A estas imágenes del pasado se sobreponen, envueltas en un halo de onirismo, las imágenes del presente. Entonces se funden, en una serie de “espejos paralelos”, la imagen de la madre (de cuando era joven) con la de la esposa (María) –la misma actriz interpreta los dos personajes-; Ignat y Alexei, a los catorce años de edad, son interpretados por el mismo autor. Ver en la esposa un imaginario de su propia madre; ver en su propio hijo el imaginario de su propia adolescencia: Tarkovski juega con las múltiples acepciones de la palabra “espejo” (en ruso “zerkalo”, espejo, es una palabra que connota circularidad, círculo). Numerosas escenas, en donde pasado y presente se articulan como tiempos y espacios paralelos, ofrecen esta suerte de imágenes especulares y tiempos circulares.



Tarkovski no ofrece, no obstante, un juego de paralelismos y simetrías (presente-pasado) sino que, paulatinamente, revela que algunas de las imágenes se fusionan anacrónicamente. El hombre adulto recuerda su niñez y a su madre con el rostro de su ex esposa; recuerda su infancia con el rostro de su hijo: los niños pequeños y abandonados en el campo en medio de la guerra son rescatados al final por la madre, en el sueño, con el rostro de la mujer envejecida.



Mas no solo Alexei sueña o alucina: Ignat, su hijo, vive las experiencias que Alexei viviera muchos años atrás (la escena de la maestra que le pide a Ignat que lea la carta de Pushkin sobre el destino de Rusia).  A esta, así reseñada, sencilla historia, se suma que los recuerdos vienen acompañosdos de los versos de Arseni Tarkovski, leídos en off y reveladores de que el espejo, ese ejercicio de introspección en el alma de un hombre individual, es también un espejo de alcances históricos: la guerra civil española, el bloqueo de Leningrado, el fin de la segunda guerra, la revolución china, la suerte de los exiliados.



Ya en una obra como Solaris (1972) Tarkovski, inspirado en la novela de Stanislav Lem, había explorado el problema del tiempo como definitorio de la realidad. Si contra la idea de un tiempo lineal y único, se impone el concepto de que existen múltiples dimensiones temporales, o que la realidad y el tiempo son apenas proyecciones de nuestra vida mental (Berkeley), entonces hay muchas realidades disponibles, absurdas o contradictorias.

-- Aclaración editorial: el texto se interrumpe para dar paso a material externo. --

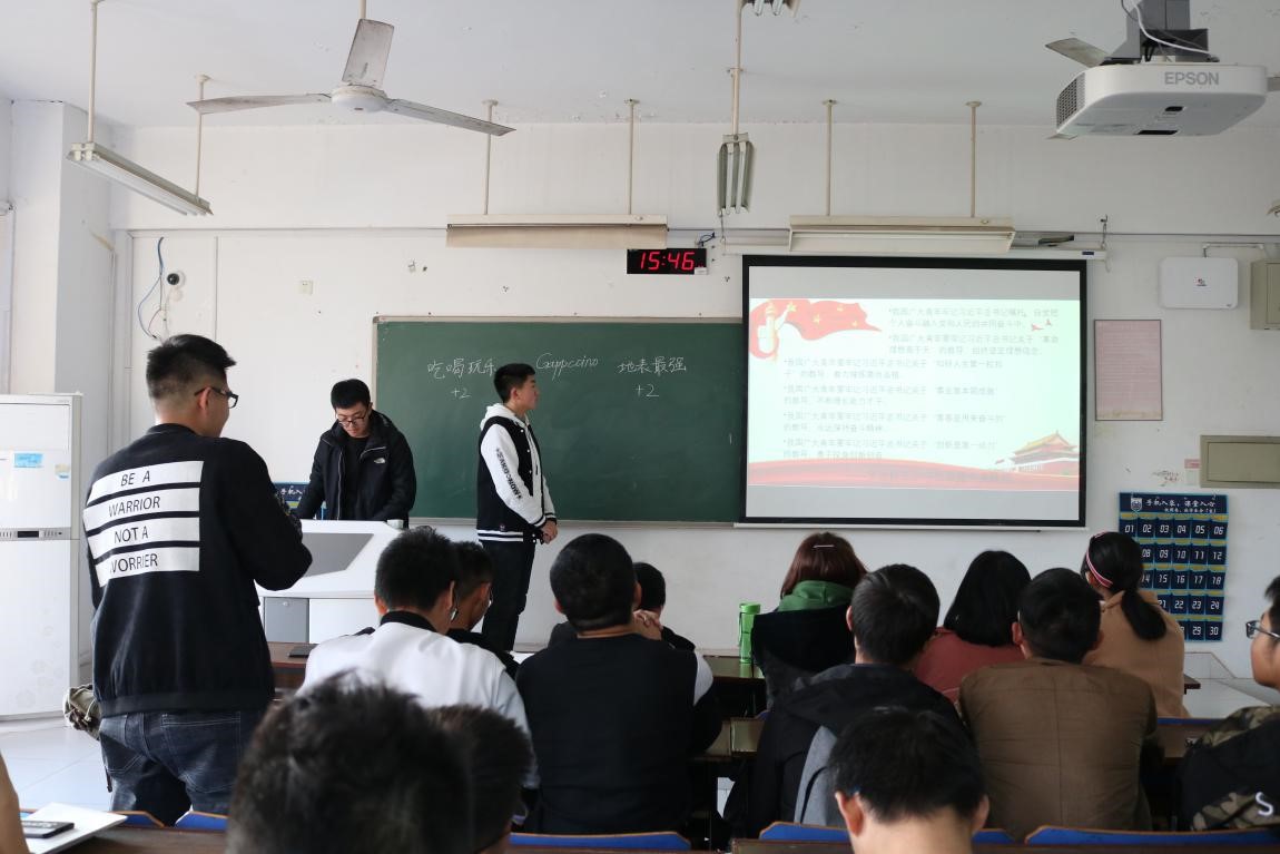 活动伊始,支部成员被分为文体活动、志愿服务、创新创业三个小组,小组成员在支持人的带领下,回顾了中国共产党的发展历程,了解党的十九大及团的十八大相关知识。紧接着,朱曹晨宇以趣味竞赛的形式,组织了一场别开生面的关于党团知识的竞答活动,团支部成员激烈竞争,积极抢答,在此环节中,同学们间的关系变得更加融洽,也加深了对党团的认识,充分展现了新时代老员工的新风采。最后,团支书朱曹晨宇同学希望大家要以党员的标准严格要求自己,树立正确的世界观、人生观、价值观,努力学习,为祖国的发展贡献出自己的一份力量。

Sin embargo me interesa destacar las herramientas sintácticas a las que recurre Tarkovski para solicitar que su espectador arme la obra, dé al aluvión de imágenes fragmentarias un conjunto: llamadas telefónicas, alusiones al nombre de los personajes, revelaciones del tipo: “He soñado últimamente contigo” (a la madre, hablando por teléfono); “Te he dicho que te pareces a mi madre” (a María, la ex esposa); “¿En qué año nos abandonó mi padre?”.



El espejo es un texto de riquísimas implicaciones: una permanente reflexión sobre el papel del lenguaje, sobre el valor de las palabras, sobre la función del artista, sobre el sentido del arte en una época atravesada por los grandes conflictos humanos; sobre el desarraigo constante, la soledad del hombre y los conflictos afectivos. En El espejo, como en Stalker (1978) o en Nostalghia (1983), hay una historia, hay un relato que se puede transcribir a través de una sinopsis; pero tal relato es secundario ante la potencia de las imágenes y su complejo simbolismo: el fuego, el agua, la sangre, la tinta impresa; los íconos del arte (la iconografía de Da Vinci o la música de Bach): todos se depliegan como puertas, ventanas y espejos que se abren hacia espacios y dimensiones oníricos, fantásticos... reveladoramente íntimos.